Погостив до просухи, мы отправились в Севастополь, куда благополучно доехали.

<Далее автор описывает свою службу на Чёрном море, а также сухопутные военные действия 1812-1814гг. против Наполеона. Есть такой отрывок, относящийся ко времени, когда автор жил в Севастополе:>

Матушка пожаловала нам слугу Павла, человека уже пожилого; он был необычайно ленив.

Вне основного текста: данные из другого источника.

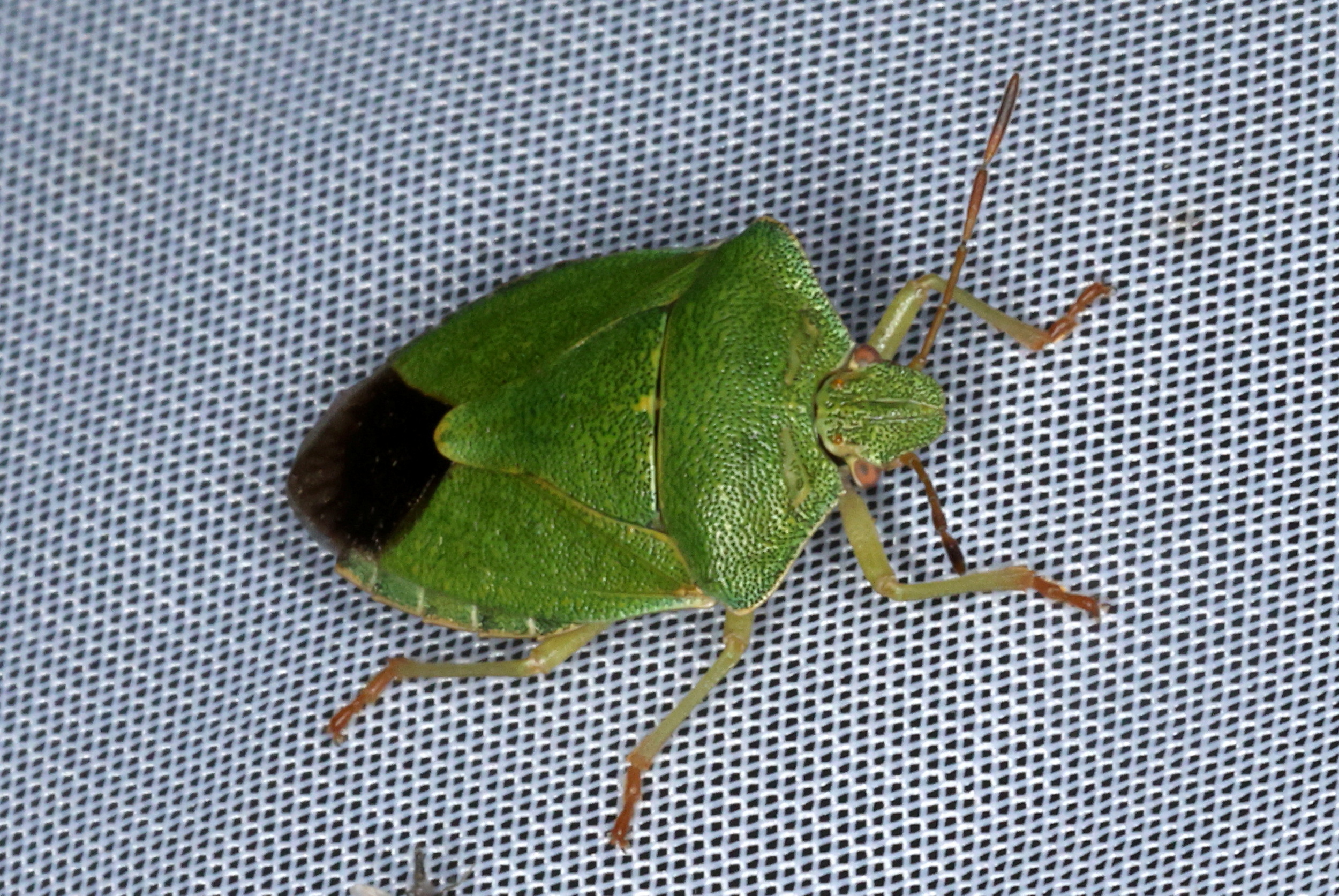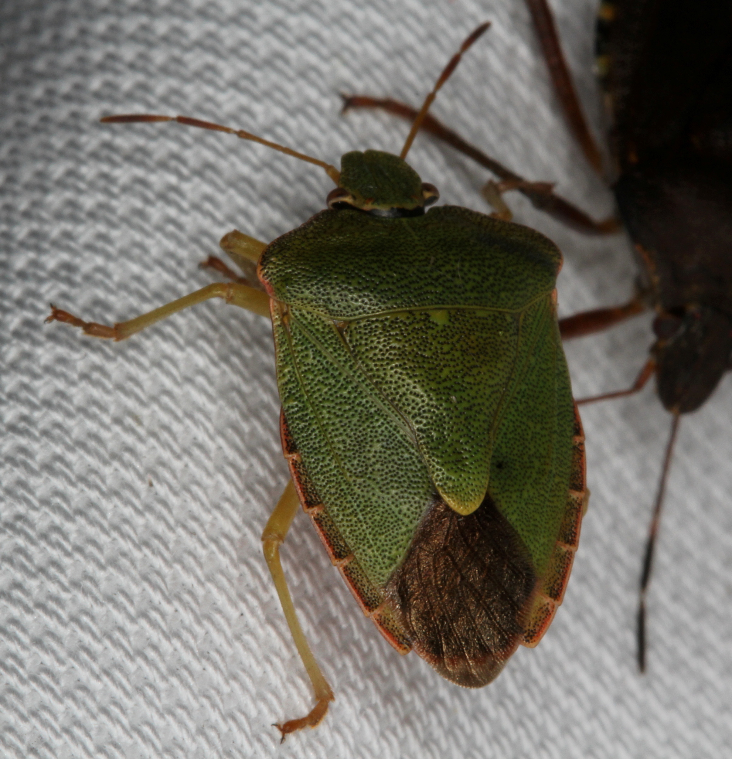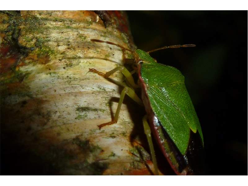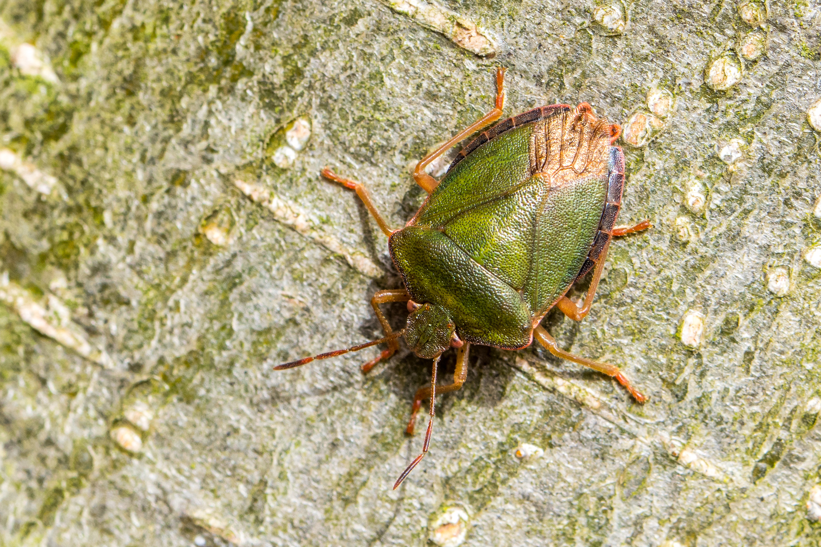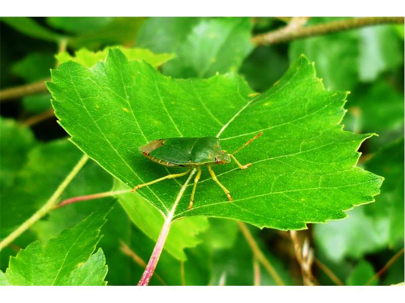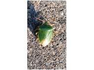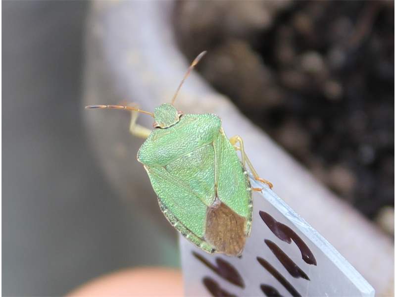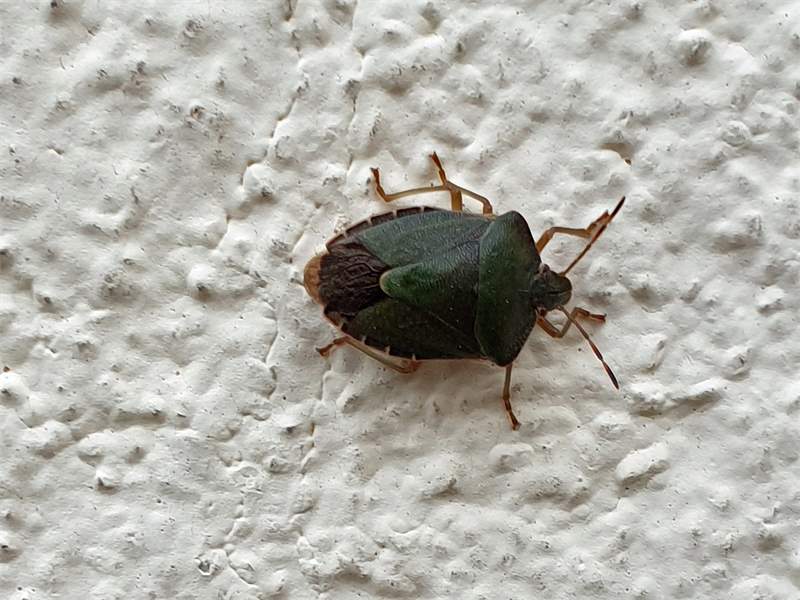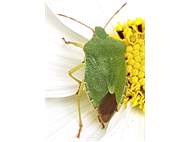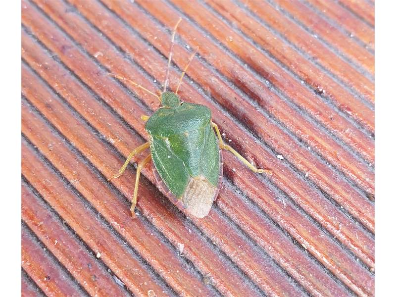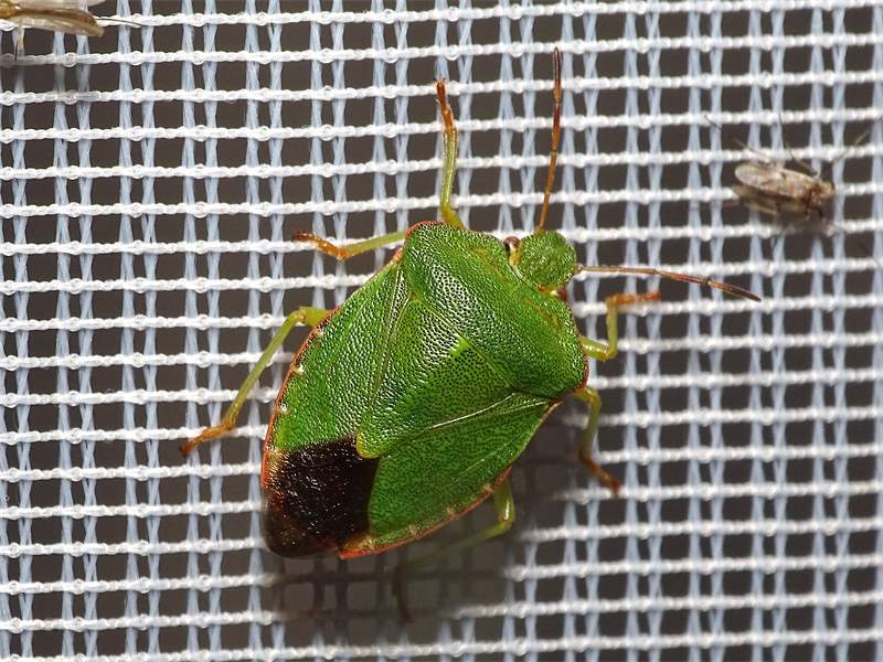Grüne Stinkwanze (Palomena prasina (Linnaeus, 1761)), das zweite und dritte Fühlerglied sind annähernd gleich lang, im Unterschied zu Palomena viridissima, wo das dritte Fühlerglied kürzer als das zweite ist, am 1. Mai 2013 im Seifersdorfer Tal.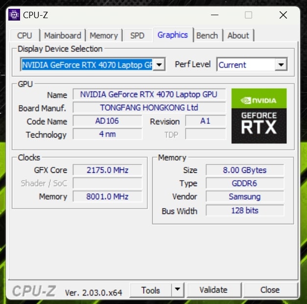 | Grafikleistung | Nvidia GeForce RTX 4070 (8GB GDDR6 VRAM); 140 W TDP |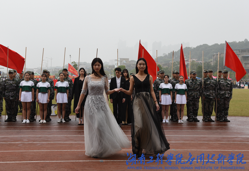 上午8:30,来自14个公司的运动员方阵依次登场。一张张活力与自信的面庞张扬着青春的气息,全场气氛高涨。首先入场的是365英国上市集团方阵,方阵前的礼仪队气质优雅,T台走秀青春灵动,与健美操队的表演相得益彰。国旗护卫队用身体为盾木棍击打的精彩表演更让观众席上掌声雷动。其他各公司方阵代表队各具特色,精彩纷呈,彰显湖工学子的积极奋进的良好姿态。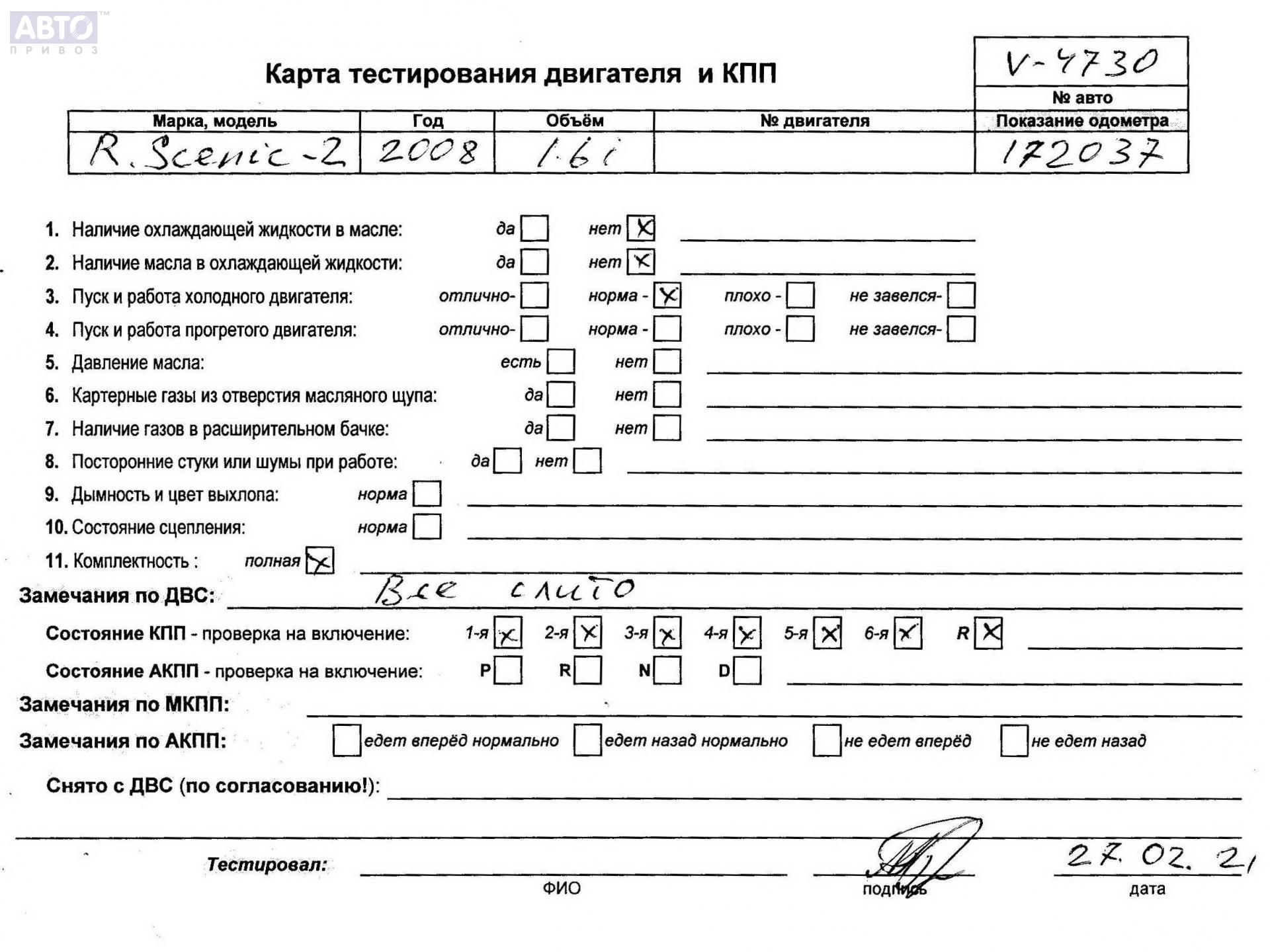 | Марка / Модель / Год: | Renault Scenic II (2003-2009) 2008 |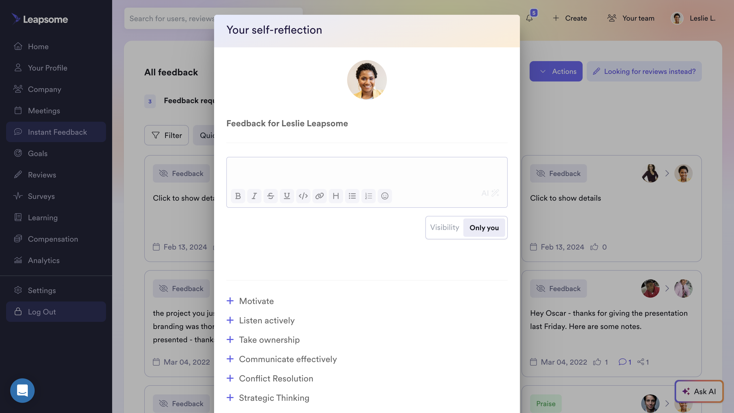 From a personal development perspective, it is very helpful to understand these differences in perception. A self-evaluation on Leapsome guides you through the structured questions that your colleagues would see when giving you feedback. It allows you to answer these questions yourself. On your profile, you can see these differences in perception visually highlighted.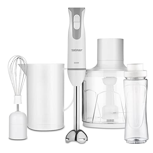 Zelmer Blender ręczny – ZHB4554S blender sportowy, 800W, funkcja TURBO, 2 noże, blender sportowy o pojemności 600 ml, biało-szary.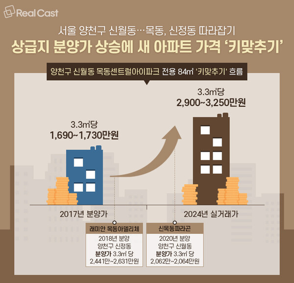 지난 2017년 신월동에서 분양한 목동센트럴아이파크 아파트는 전용 84㎡가 3.3㎡당 1,690만~1,730만원(5억6,700만~5억8,300만원)선에 분양됐습니다. 분양 당시 신월동인데 ‘목동’이라는 이름을 쓰고, 분양가도 비싸다는 곱지 않은 시선을 받기도 했습니다.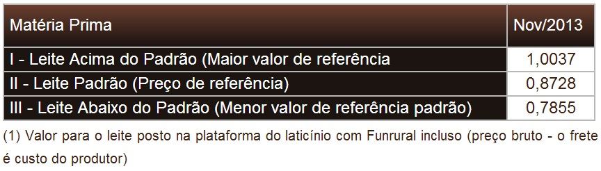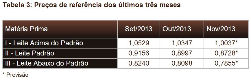 A Tabela 3 apresenta, para simples verificação, os preços de referência dos últimos três meses. Entre os meses de setembro e novembro de 2013 houve uma diminuição do preço do leite padrão de 4,67%. No mês houve uma diminuição de 3,00%.

Я его спросил однажды: Павел, что ты не вычистил мои сапоги? "Всё равно замараете, как пойдёте", хладнокровно отвечал Павел. Как нам и самим нечего было есть [по причине малого довольствия - AVbaz], то мы отпустили Павла в работники в огромный сад близ Севатополя, на речке Каче. Это скорее лес, но лес Крымский, где дико растёт то, что в средней России с трудом воспитывается в оранжерее. Павла мы скоро отпустили совсем домой, как человека нам ненужного.

***
Слуга Павел - крепостной дворовой человек Павел Григорьев (1775-1844) сц. Астахово Серафимы Алексеевны Броневской [по материалам РС-1811, ГАТО, ф.394, оп.1, д3, л.194об.], впоследствии дворовой человек (РС-1834) и крестьянин (РС-1850) Алексея Богдановича Броневского. Потомки носили фамилию Соколов.